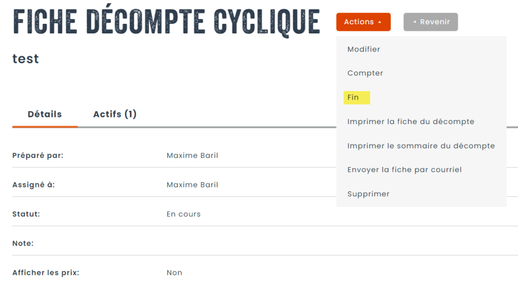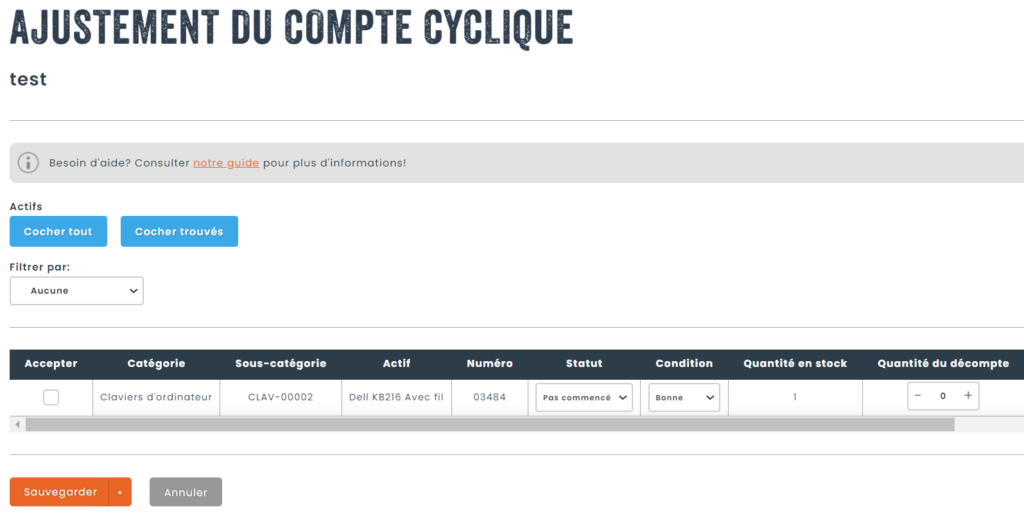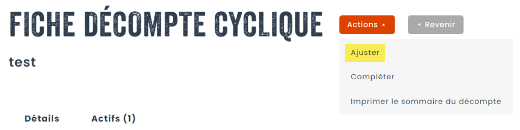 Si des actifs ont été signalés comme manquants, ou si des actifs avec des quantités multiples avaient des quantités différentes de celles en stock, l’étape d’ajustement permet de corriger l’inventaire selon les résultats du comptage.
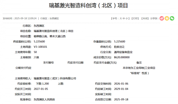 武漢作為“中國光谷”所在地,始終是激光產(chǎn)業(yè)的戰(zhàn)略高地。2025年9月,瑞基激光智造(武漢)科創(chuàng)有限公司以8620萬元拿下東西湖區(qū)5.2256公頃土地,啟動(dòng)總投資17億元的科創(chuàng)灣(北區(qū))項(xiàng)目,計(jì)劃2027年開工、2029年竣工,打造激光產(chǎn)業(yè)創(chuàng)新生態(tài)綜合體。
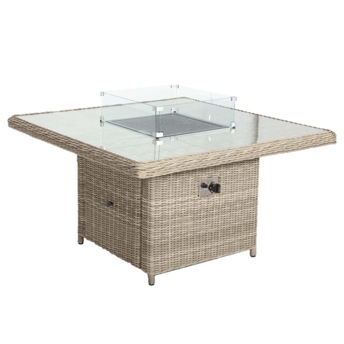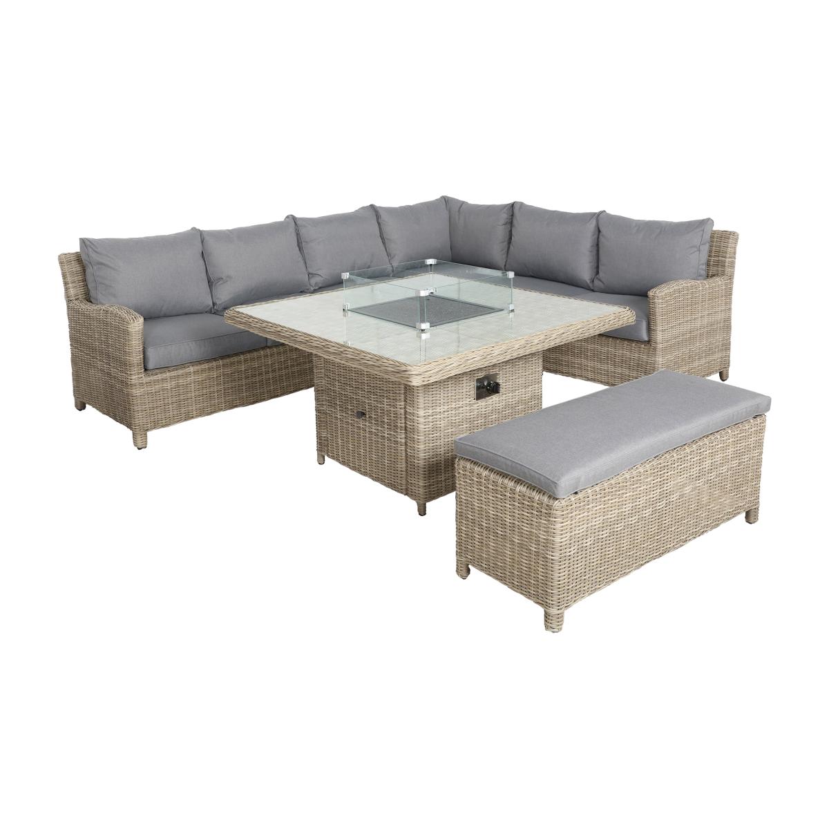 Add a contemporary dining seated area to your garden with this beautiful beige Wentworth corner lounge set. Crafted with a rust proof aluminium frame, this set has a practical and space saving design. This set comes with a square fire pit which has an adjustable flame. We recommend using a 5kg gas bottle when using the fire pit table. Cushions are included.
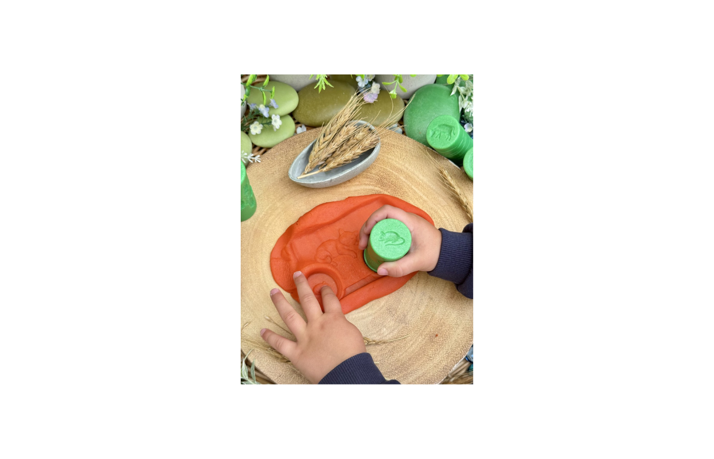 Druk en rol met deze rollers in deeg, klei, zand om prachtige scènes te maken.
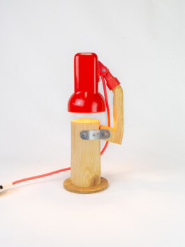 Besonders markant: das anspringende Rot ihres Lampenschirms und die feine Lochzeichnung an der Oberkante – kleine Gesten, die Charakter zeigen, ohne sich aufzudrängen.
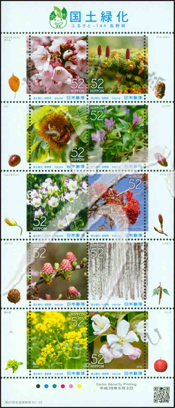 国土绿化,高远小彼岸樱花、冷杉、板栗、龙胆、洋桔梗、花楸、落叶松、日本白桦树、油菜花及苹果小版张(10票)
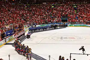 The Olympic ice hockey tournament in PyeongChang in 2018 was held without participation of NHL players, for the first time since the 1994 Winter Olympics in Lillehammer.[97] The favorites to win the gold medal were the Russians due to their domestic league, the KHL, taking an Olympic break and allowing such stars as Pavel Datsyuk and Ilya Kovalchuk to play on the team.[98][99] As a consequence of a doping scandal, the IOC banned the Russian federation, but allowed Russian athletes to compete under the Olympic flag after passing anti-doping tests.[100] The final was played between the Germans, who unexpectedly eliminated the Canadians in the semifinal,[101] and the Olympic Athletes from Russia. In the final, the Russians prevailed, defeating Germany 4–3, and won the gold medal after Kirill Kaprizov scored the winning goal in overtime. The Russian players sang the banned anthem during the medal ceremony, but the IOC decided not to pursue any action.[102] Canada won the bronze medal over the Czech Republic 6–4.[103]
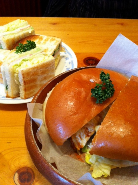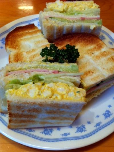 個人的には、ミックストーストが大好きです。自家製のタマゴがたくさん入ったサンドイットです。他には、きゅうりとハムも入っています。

...

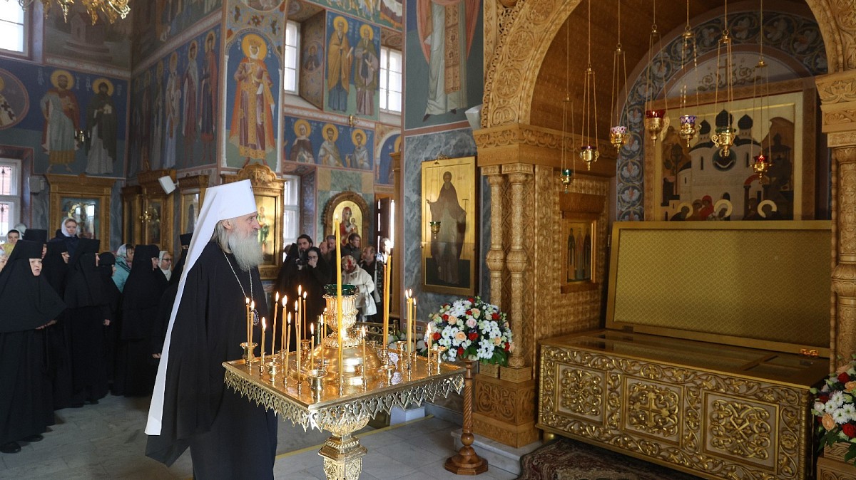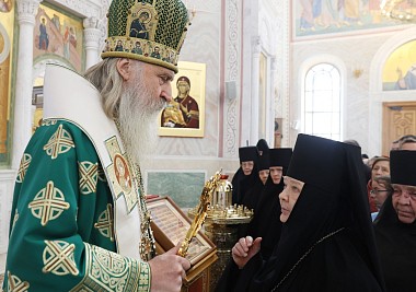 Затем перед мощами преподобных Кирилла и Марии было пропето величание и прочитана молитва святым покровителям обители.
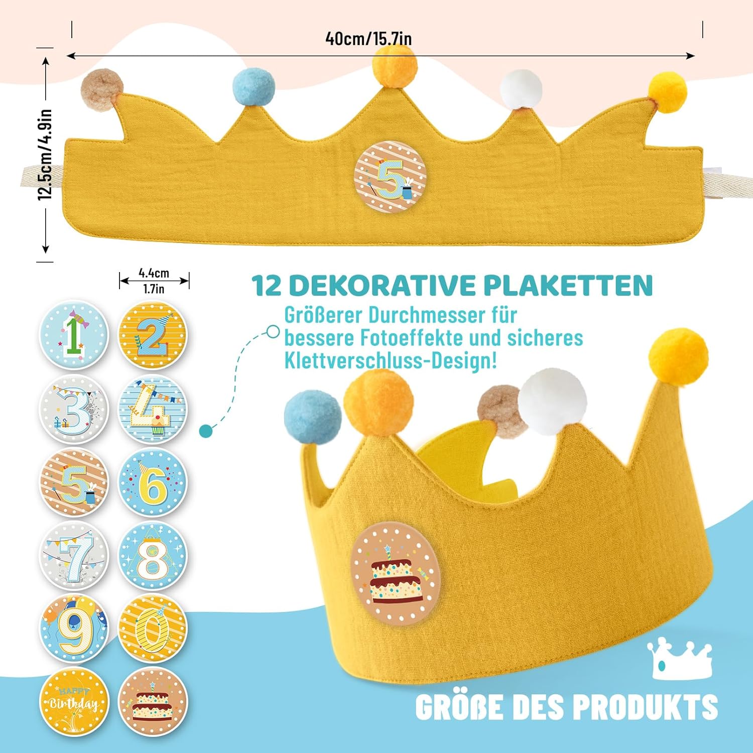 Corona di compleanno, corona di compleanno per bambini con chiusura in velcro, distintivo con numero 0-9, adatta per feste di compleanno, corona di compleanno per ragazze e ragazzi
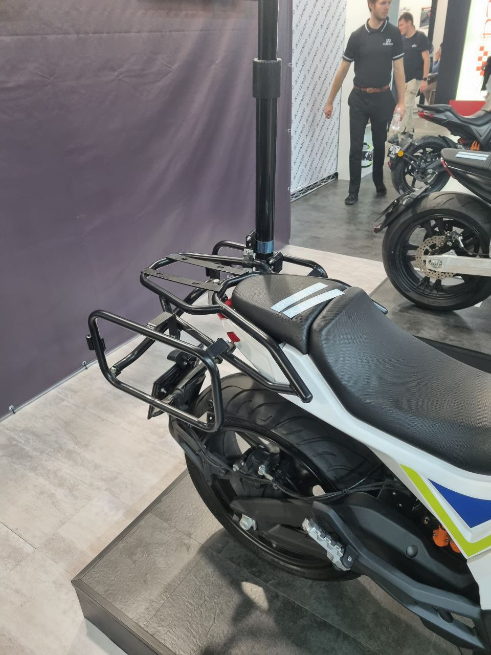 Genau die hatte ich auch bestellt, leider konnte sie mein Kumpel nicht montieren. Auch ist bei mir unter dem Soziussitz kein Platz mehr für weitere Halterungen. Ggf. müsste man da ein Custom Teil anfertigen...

...

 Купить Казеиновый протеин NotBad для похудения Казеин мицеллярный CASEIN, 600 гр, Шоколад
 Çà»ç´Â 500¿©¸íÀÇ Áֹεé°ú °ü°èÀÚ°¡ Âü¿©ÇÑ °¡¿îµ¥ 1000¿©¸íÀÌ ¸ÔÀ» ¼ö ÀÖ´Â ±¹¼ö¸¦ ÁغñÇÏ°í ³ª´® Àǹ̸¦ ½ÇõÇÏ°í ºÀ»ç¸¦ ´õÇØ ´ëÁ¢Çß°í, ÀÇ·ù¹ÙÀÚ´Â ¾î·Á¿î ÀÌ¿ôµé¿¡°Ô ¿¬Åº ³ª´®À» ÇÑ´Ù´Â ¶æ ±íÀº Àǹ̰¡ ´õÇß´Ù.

* **Problem to solve**:
Make an exact copy of the lines above, beginning with the line with "Besonders markant: das" and ending with the line with "国土绿化,高远小彼岸樱花、冷", and keep the pictures out of it.

* **Finished exercise**:
 Besonders markant: das anspringende Rot ihres Lampenschirms und die feine Lochzeichnung an der Oberkante – kleine Gesten, die Charakter zeigen, ohne sich aufzudrängen.
 国土绿化,高远小彼岸樱花、冷杉、板栗、龙胆、洋桔梗、花楸、落叶松、日本白桦树、油菜花及苹果小版张(10票)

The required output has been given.